Allow the product to dry according to the can plus a couple hours, and then go back for another coat. Repeat this a few times, and you will have a really nice looking, and close to the wood finish that was super easy to create.
Arm-R-Seal is a great example of a wiping varnish. This product comes in a number of sheens, and you can apply it really easily. It has a gorgeous, warm tone to the final look, and a very natural looking finish.
See Also: Understanding Wood Finishing
Using Aerosol Lacquer to Top Coat Your Stain
An alternative to wiping on another product is aerosol lacquer. Most beginners do not have a way to spray lacquer like the professionals in a spray booth. That’s ok. You can get excellent results using spray cans, you just need to buy the right lacquer.
Hardware store lacquer that is cheap, and mixed in with the spray cans on the bottom shelves is not good lacquer. Most cases, it’s not even lacquer, and it can cause all kinds of finishing problems. Don’t use this stuff.
Instead, buy furniture grade lacquer. You can find really good cans of lacquer from around $6 to $12 each, and they are made by Mohawk, Deft, and Watco. There are more brands, but these are all very good, and they make the spraying process easy.
The basic version of spraying lacquer is to evenly wet the entire surface that you are spraying, and then let it dry. On vertical surfaces you can mist on several thin coats. Take care to wet the surface, but do not add so much that it runs.
On horizontal surfaces, you can spray a little more. The orientation of the surface will prevent any runs, and you can lay down a nice coating. When you apply a really even coat, allow it to cure, and you will have a well protected project that looks amazing.
Now that you know how to get your projects ready for staining, put these ideas into practice in your own shop. Get out there and start making something. Select a stain, and do the best prep work you possibly can before adding the stain.

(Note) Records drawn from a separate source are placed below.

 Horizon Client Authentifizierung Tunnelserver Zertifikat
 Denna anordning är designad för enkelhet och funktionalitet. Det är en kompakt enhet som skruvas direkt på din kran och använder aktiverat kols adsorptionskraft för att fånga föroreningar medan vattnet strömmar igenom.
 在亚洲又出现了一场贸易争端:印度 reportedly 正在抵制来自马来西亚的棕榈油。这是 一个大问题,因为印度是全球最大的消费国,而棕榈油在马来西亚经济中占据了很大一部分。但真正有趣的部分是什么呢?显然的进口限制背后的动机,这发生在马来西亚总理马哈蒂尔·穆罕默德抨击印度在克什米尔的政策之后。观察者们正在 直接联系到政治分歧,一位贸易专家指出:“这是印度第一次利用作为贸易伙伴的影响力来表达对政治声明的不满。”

Just remember, the secret is in the prep work. No wood stain will save you from scratches, defects, and places you should have tried harder. The product does the very opposite. Anything you skip on during the prep will come right back in the final look.

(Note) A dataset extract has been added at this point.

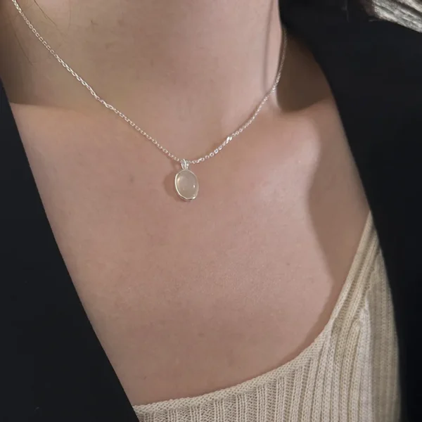 925 Sterling Silver Oval White Jade Marrow Necklac...

Not many people know what really goes into being a woodworker. All they see is a surface with scratches. Make sure that when you proudly hand something over to another person to look at, scratches are the last thing they see.
Focus on your prep work. make a promise not to move forward until the prep is done. Find and remove all your scratches before applying any wood stain. You will have a much better look, and you will be glad you put in the effort that most wont. Happy building.